T-Model Ford is sweet tea spiked with moonshine -- something simple and sweet, but with a hell of a kick. In the late 1990s, Fat Possum Records discovered him and put out his first album, Pee-Wee Get Your Gun. Since then, he's recorded five more albums, including his latest, I'm a Ladies' Man, which is being hailed by some critics as his best yet. And he's already recorded an album that Alive Naturalsound Records will release early next year.

He may look sweet and old, but he'll rip through the blues like nobody's business -- and he'll do it till dawn unless you stop him. T-Model Ford can probably drink most everyone under the table and keep on playing, taking shots of Jack Daniel's between songs. Despite his advanced age, he's known to play for up to eight hours at a time.
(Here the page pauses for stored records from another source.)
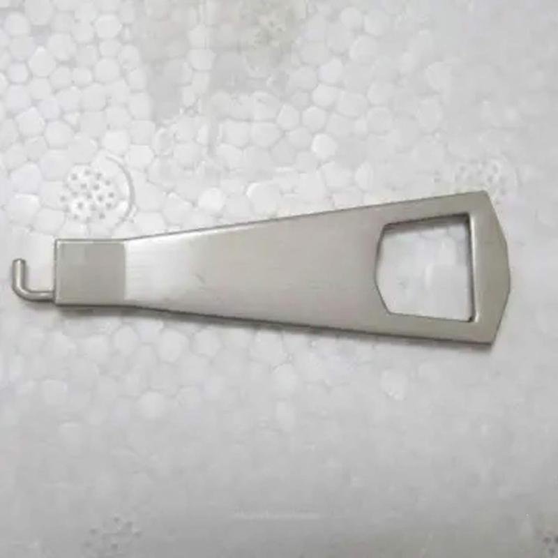 This zipper puller and slider is crafted from durable zinc alloy with a plated finish. Designed with a non‑lock mechanism, it is nickel‑free and safe for garments, bags, shoes, and other textile applications. Compact and customizable, it combines decorative appeal with reliable functionality for fashion and commercial use.
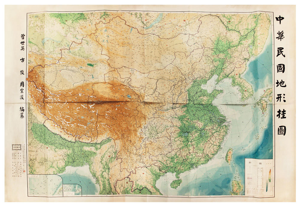 提 要: 此为民国时期出版的全国彩色地形挂图,是建国前夕权威性最高的全国地形挂图新版本,中国地形图编纂会承制,左侧上写“曾世英、方俊、周宗浚编纂”。此三位作者都是我国20世纪地图制图界的权威人士。拍品为我国20世纪40年代建国前的地图,对研究我国疆域和政区历史变迁,具有实物资料价值。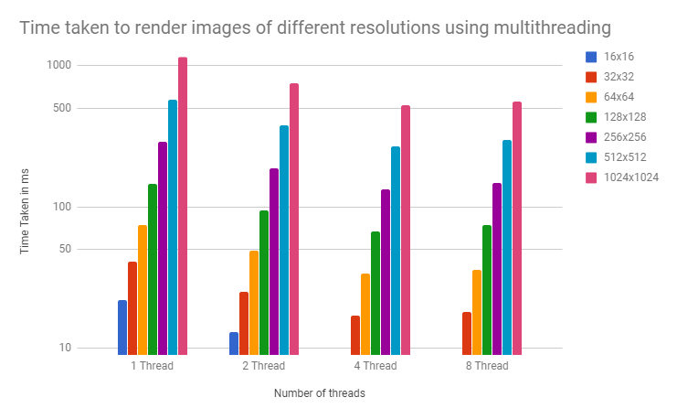I then tested the ray-tracer on different machines. Intriguingly, I found that it ran faster on a 4-core Intel CPU (an i7-4790k) than on an 8-core AMD CPU (an FX-8350). I determined that the reason for this was that even though the AMD had the same clock speed (4GHz), the Intel CPU had hyper-threading and that the AMD CPU only had 4-floating point units (it was advertised as having 8 cores because it had 8 integral units).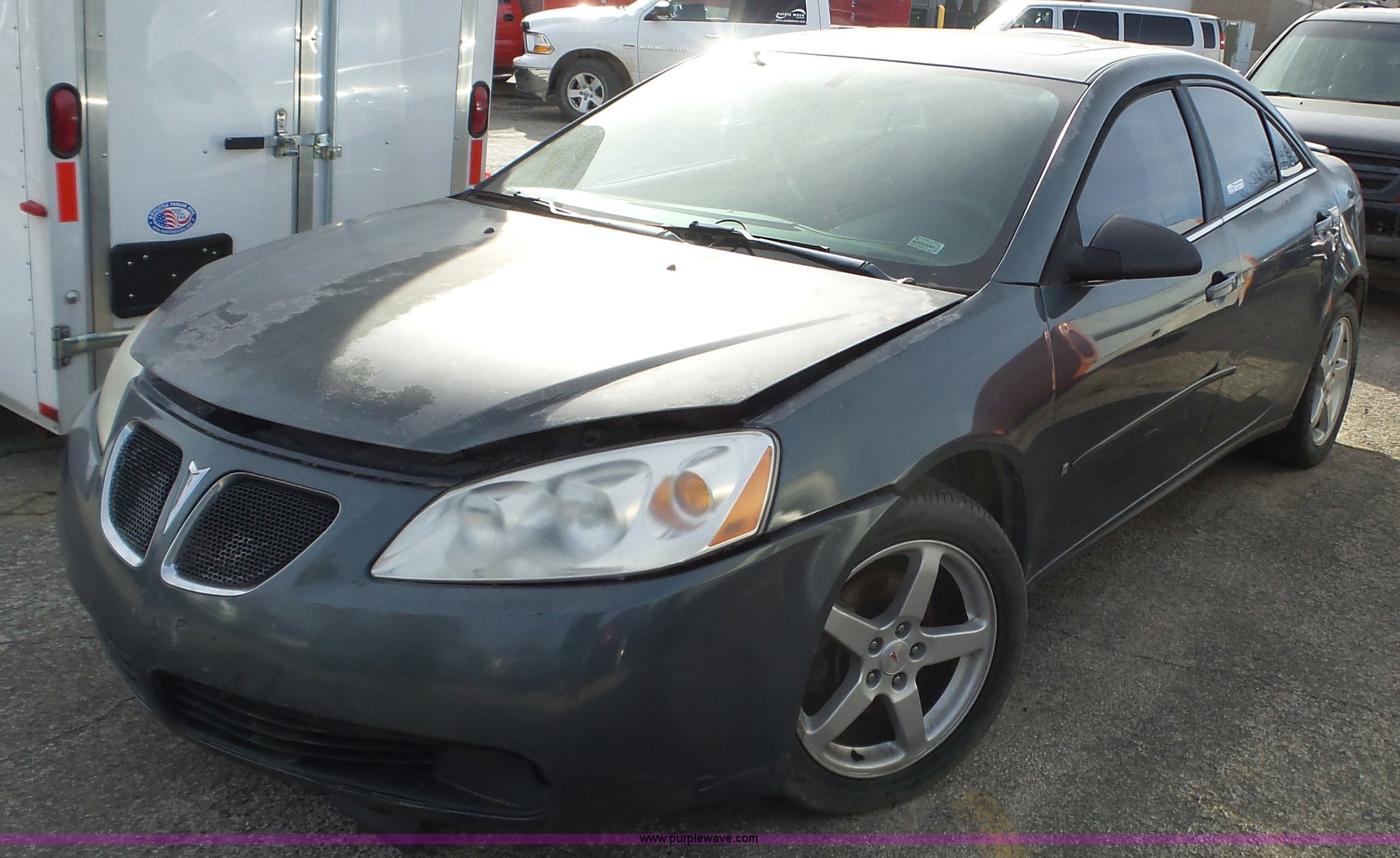 Purple Wave is selling a used Passenger Vehicle in Kansas. This item is a 2006 Pontiac G6 with the following: 131,031 miles on odometer, Actual mileage unknown, 3.5L V6 OHV 12V gas engine, Automatic transmission, AC and heat, Tilt, Cruise, AM/FM/CD, Power windows, locks, and mirrors, Cloth interior, Power sunroof, 225/50R17 tires, Interior/exterior cosmetic damage, Cracked windshield, Unknown operating condition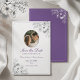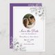 Verkünden Sie Ihre Hochzeit stilvoll mit dieser eleganten lila floralen "Save the Date"-Karte mit Foto, moderner Skript-Typografie und zarten Blumen in Linienart. Das saubere Layout hebt Ihr Bild schön hervor, während der lila Rahmen und die floralen Ecken eine romantische, zeitlose Note hinzufügen.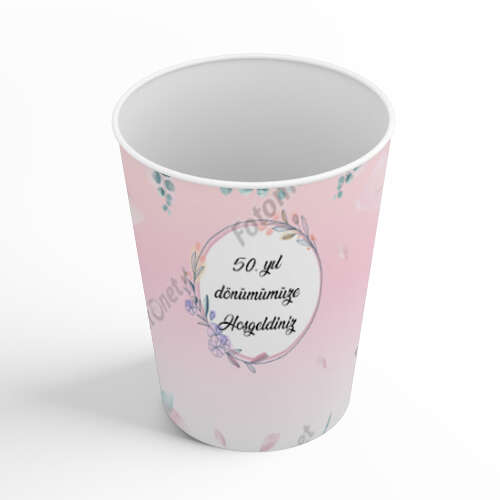 كوب كرتوني بمفهوم وردي مع إطار زهرة - علامة هدية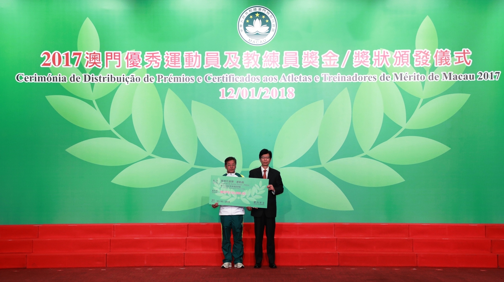 為表彰在2017年度參加體育比賽中獲得優秀成績的運動員及教練員,『2017澳門優秀運動員及教練員獎金/獎狀頒發儀式』今日(12日)晚上七時半於漁人碼頭會議展覽中心舉行,社會文化司司長譚俊榮等出席了頒發儀式,並祝賀獲獎的運動員和教練員。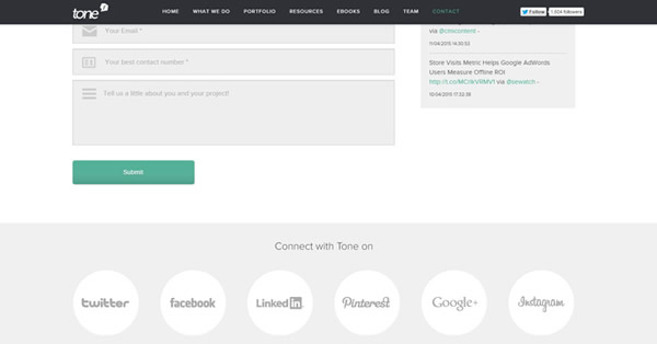 我最喜欢的英国创意机构非Tone莫属,无论是它的作品或者是作品集网站。它的联系页使用定位他们办公室的完整地图和动态联系表格。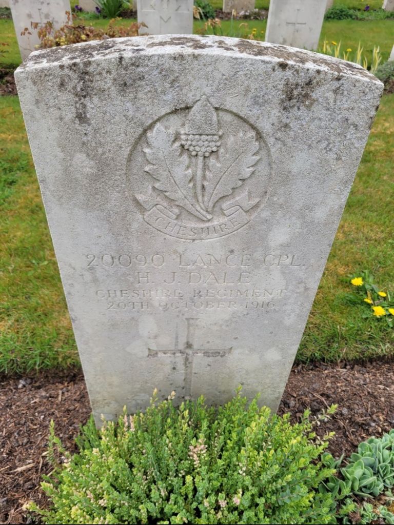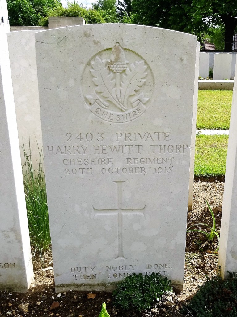 20/10/1915 Private Harry Hewitt Thorp (Age 27) 5th Bn. Corbie Communal Cemetery, Somme France. ‘2403’ Son of F. M. and A. Thorp, of 21, Victoria Rd., Chester. (pic from findagrave.com – with thanks)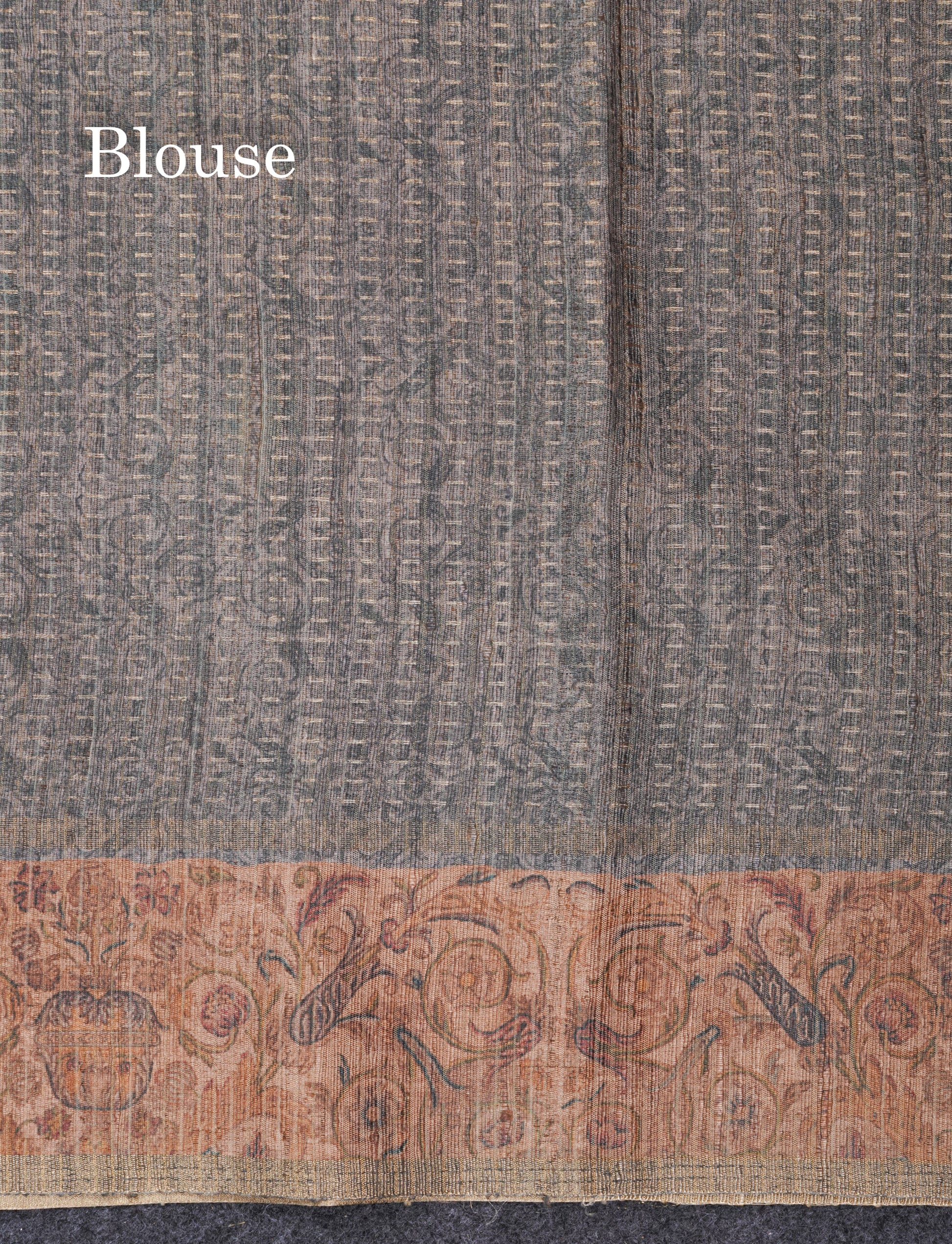 Olive Green Semi Tussar Fancy Saree With Contrast Sandal Floral Print Border

Fresh off a date at the prestigious All Tomorrow's Parties festival, T-Model Ford roars into town with his particular blend of sparse, stomp-inducing Delta blues for a show at 3 Kings Tavern tomorrow night before heading off to the Telluride Blues and Brews Festival on Sunday. In advance of his pair of Colorado gigs, we pulled together a list of five things you should know about this Delta bluesman.

1). No one knows his real age -- not even him.

T-Model Ford thinks he might be ninety. But in 2008, NPR said he's around eighty. The official record puts his birth somewhere between the years of 1921 and 1925. According to his MySpace page, "T-Model's 80-something years old...his Mississippi Driver's License says he's 84, his US Passport says he's 87, and he says he's 88...so you decide." He's said he thinks he'll live to 110. And while he had a minor stroke earlier this year, we have no doubt he'll make it as long he's playing the blues.

2) He was already a senior citizen when he started playing.

He began learning guitar somewhere around the time he was 58 years old, building on his recollection of other greats like Muddy Waters, Howlin' Wolf and Robert Johnson. He spent seventeen years sharpening his skills in juke joints and playing the sidewalk of Nelson Street in Greensville, Mississippi. He's now considered a Delta blues legend and has influenced a generation of artists.